### [Aim of the exercise]
Your copy of the lines below must match them exactly and contain no images.

### [Records supplied]
=-=-=-=-=
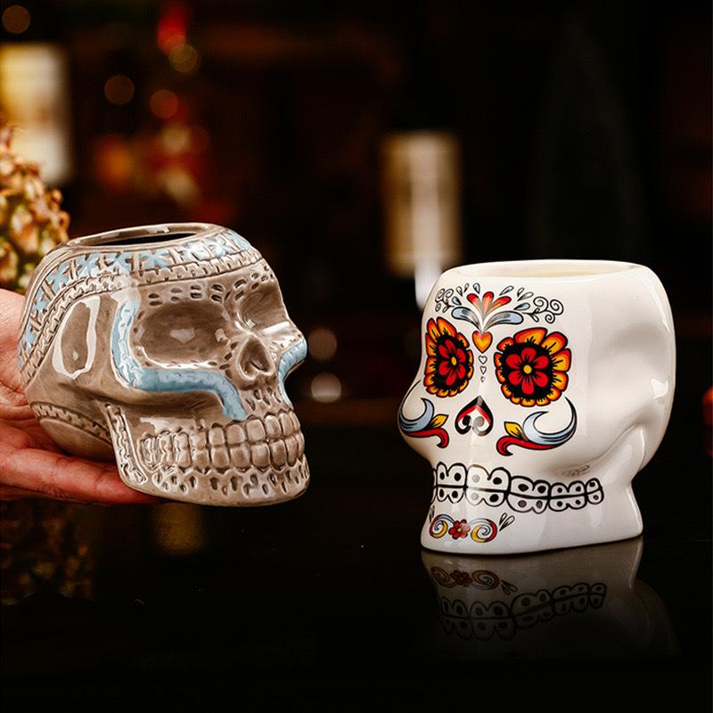 Hawaiian Tiki Cup Skull Ceramic Mug for Tiki Bar Home Bar DecorTiki Cocktail Cocktail Drinking Glass
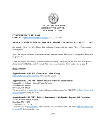 PUBLIC SCHEDULE FOR MAYOR ERIC ADAMS FOR MONDAY, AUGUST 22, 2022
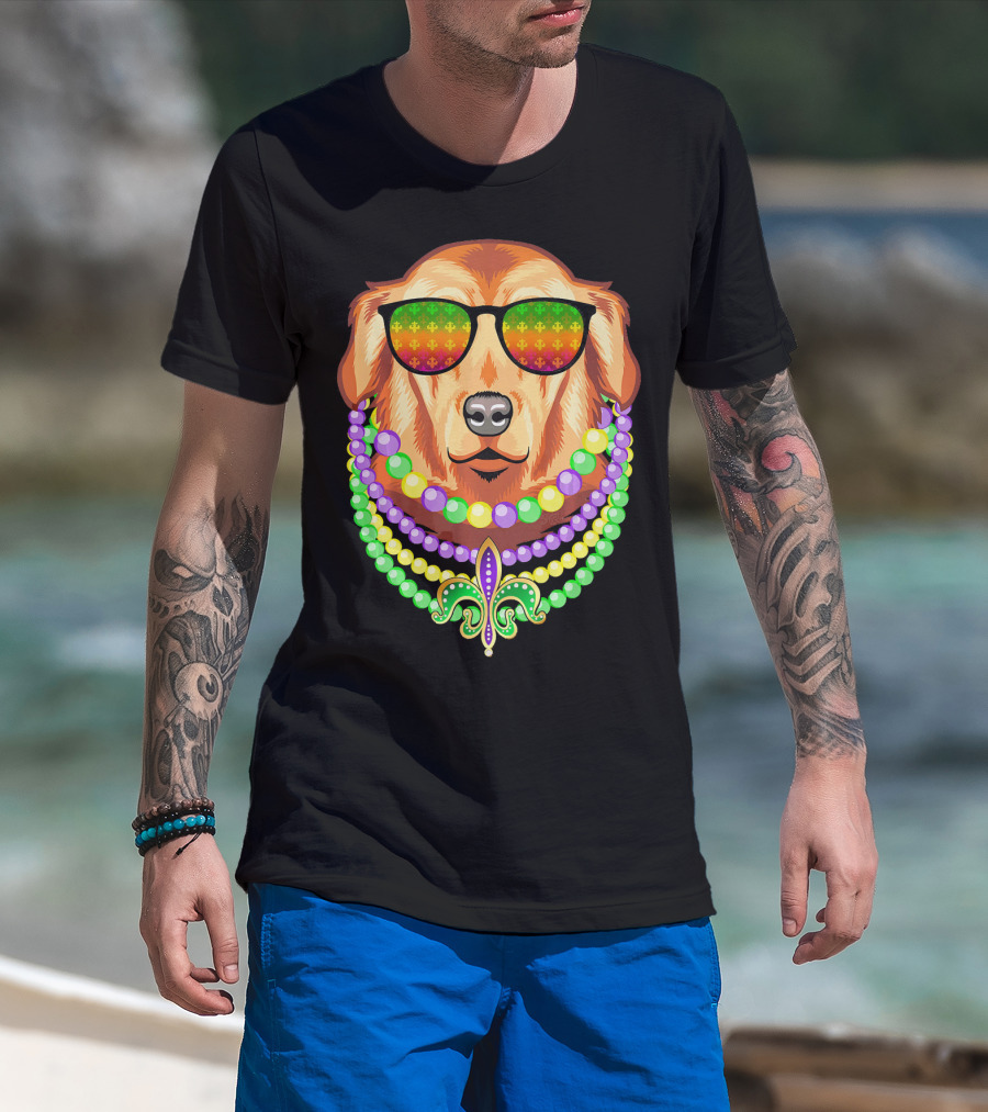 Beads And Golden Retriever Mardi Gras Fleur-de-Lis Colorful Glam Co T-Shirt
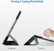 マグネット内蔵、オートスリープとオートウェイクアップ機能が付きます。三つ折りフロントカバーにより、視聴とタイピングに合わせた2通りのスタンド角度を調整できます。スタンドが正しく機能していることを確認するために、折り目の正しい向きを確認してください
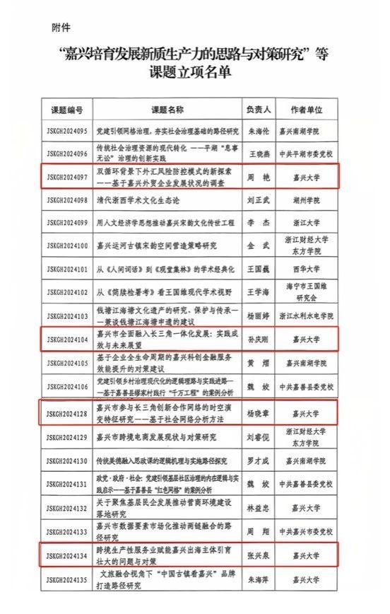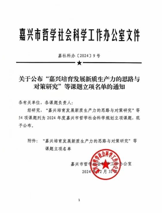 近日,嘉兴市哲学社会科学工作办公室发布了《关于公布“嘉兴培育发展新质生产力的思路与对策研究”等课题立项名单的通知》,日本av 4位教师申报的课题获批立项(按立项顺序):
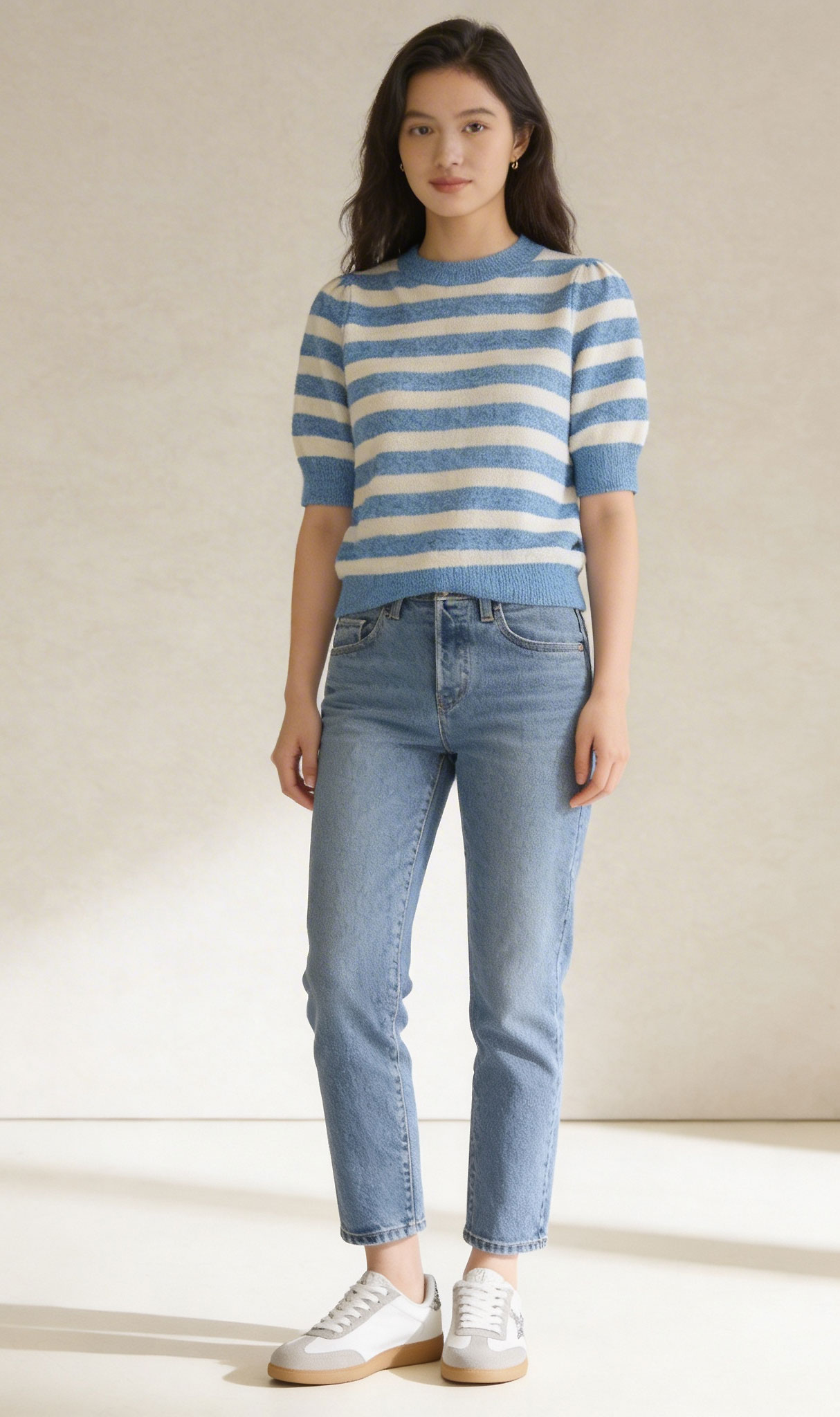 Fraîche, moderne et facile à porter, cette silhouette féminine joue la carte du bleu intemporel associé à des basiques revisités. Une tenue pensée pour le quotidien, qui conjugue confort, féminité et esprit urbain.
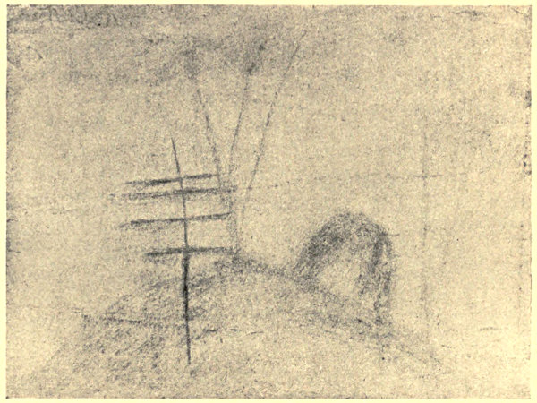 Another instinct of the child is the use of pencil and paper. All children like to express themselves through the medium of form and color. If you simply indulge this interest by letting the child go on indefinitely, there is no growth that is more than accidental. But let the child first express his impulse, and then through criticism, question, and suggestion bring him to 58consciousness of what he has done, and what he needs to do, and the result is quite different. Here, for example, is the work of a seven-year-old child. It is not average work, it is the best work done among the little children, but it illustrates the particular principle of which I have been speaking. They had been talking about the primitive conditions of social life when people lived in caves. The child’s idea of that found expression in this way: the cave is neatly set up on the hill side in an impossible way. You see the conventional tree of childhood; a vertical line with horizontal branches on each side. If the child had been allowed to go on repeating this sort of thing day by day, he would be indulging his instinct rather than exercising it. But the child was now asked to look closely at trees, to compare those seen with the one drawn, to examine more closely and consciously into the conditions of his work. Then he drew trees from observation.
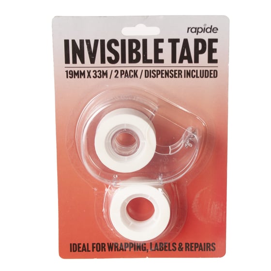 The Rapide invisible tape is a discrete multi-purpose, long-lasting tape which is ideal for wrapping, labels ( can be written once applied) and repairing documents around the home, school and office.
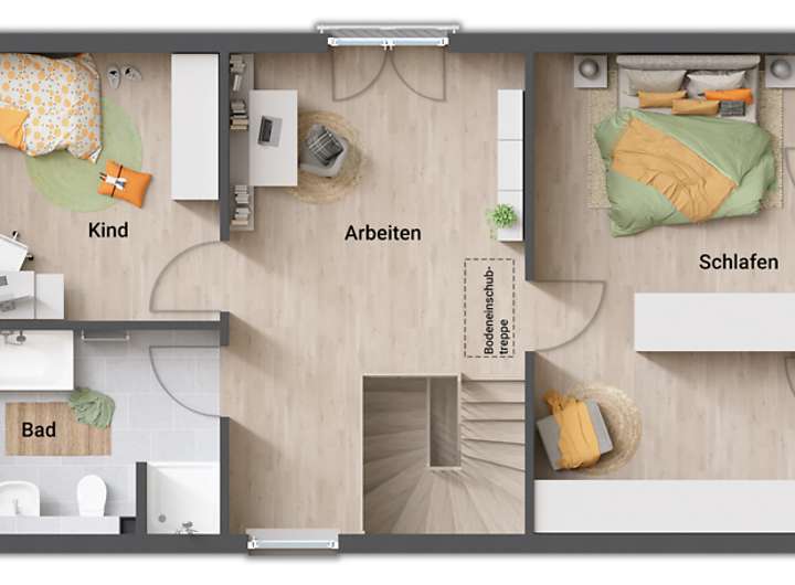 Die praktische Grundrissgestaltung macht das „Aura 125“ zu einem wahren Raumwunder, trotz der kompakten Baumaße. So kann zum Beispiel die Treppe im Haus einläufig geplant werden, sodass unterhalb Platz für einen Einbauschrank oder eine gemütliche Spielecke für die Kleinen entsteht. Während in den meisten Fluren nur unzureichend Stellmöglichkeiten für geräumige Schränke eingeplant ist, wird im Stadthaus Aura die Diele effizient genutzt und bietet somit ausreichend Stauraum für Jacken, Schuhe und Taschen. Ein praktisches Haus für seine Bewohner und Gäste.
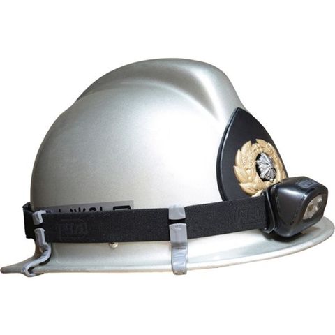 縁の厚いヘルメットにヘッドランプを取り付ける。
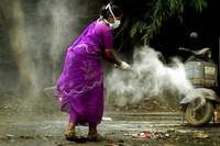 Una campesina de India usa desinfectantes como prevenci�n una �a afectada por las inundaciones que han azotado a esa naci�si�ca FOTO Reuters
=-=-=-=-=
### [Task result]
 Hawaiian Tiki Cup Skull Ceramic Mug for Tiki Bar Home Bar DecorTiki Cocktail Cocktail Drinking Glass
 PUBLIC SCHEDULE FOR MAYOR ERIC ADAMS FOR MONDAY, AUGUST 22, 2022
 Beads And Golden Retriever Mardi Gras Fleur-de-Lis Colorful Glam Co T-Shirt
 マグネット内蔵、オートスリープとオートウェイクアップ機能が付きます。三つ折りフロントカバーにより、視聴とタイピングに合わせた2通りのスタンド角度を調整できます。スタンドが正しく機能していることを確認するために、折り目の正しい向きを確認してください
 近日,嘉兴市哲学社会科学工作办公室发布了《关于公布“嘉兴培育发展新质生产力的思路与对策研究”等课题立项名单的通知》,日本av 4位教师申报的课题获批立项(按立项顺序):
 Fraîche, moderne et facile à porter, cette silhouette féminine joue la carte du bleu intemporel associé à des basiques revisités. Une tenue pensée pour le quotidien, qui conjugue confort, féminité et esprit urbain.
 Another instinct of the child is the use of pencil and paper. All children like to express themselves through the medium of form and color. If you simply indulge this interest by letting the child go on indefinitely, there is no growth that is more than accidental. But let the child first express his impulse, and then through criticism, question, and suggestion bring him to 58consciousness of what he has done, and what he needs to do, and the result is quite different. Here, for example, is the work of a seven-year-old child. It is not average work, it is the best work done among the little children, but it illustrates the particular principle of which I have been speaking. They had been talking about the primitive conditions of social life when people lived in caves. The child’s idea of that found expression in this way: the cave is neatly set up on the hill side in an impossible way. You see the conventional tree of childhood; a vertical line with horizontal branches on each side. If the child had been allowed to go on repeating this sort of thing day by day, he would be indulging his instinct rather than exercising it. But the child was now asked to look closely at trees, to compare those seen with the one drawn, to examine more closely and consciously into the conditions of his work. Then he drew trees from observation.
 The Rapide invisible tape is a discrete multi-purpose, long-lasting tape which is ideal for wrapping, labels ( can be written once applied) and repairing documents around the home, school and office.
 Die praktische Grundrissgestaltung macht das „Aura 125“ zu einem wahren Raumwunder, trotz der kompakten Baumaße. So kann zum Beispiel die Treppe im Haus einläufig geplant werden, sodass unterhalb Platz für einen Einbauschrank oder eine gemütliche Spielecke für die Kleinen entsteht. Während in den meisten Fluren nur unzureichend Stellmöglichkeiten für geräumige Schränke eingeplant ist, wird im Stadthaus Aura die Diele effizient genutzt und bietet somit ausreichend Stauraum für Jacken, Schuhe und Taschen. Ein praktisches Haus für seine Bewohner und Gäste.
 縁の厚いヘルメットにヘッドランプを取り付ける。
 Una campesina de India usa desinfectantes como prevenci�n una �a afectada por las inundaciones que han azotado a esa naci�si�ca FOTO Reuters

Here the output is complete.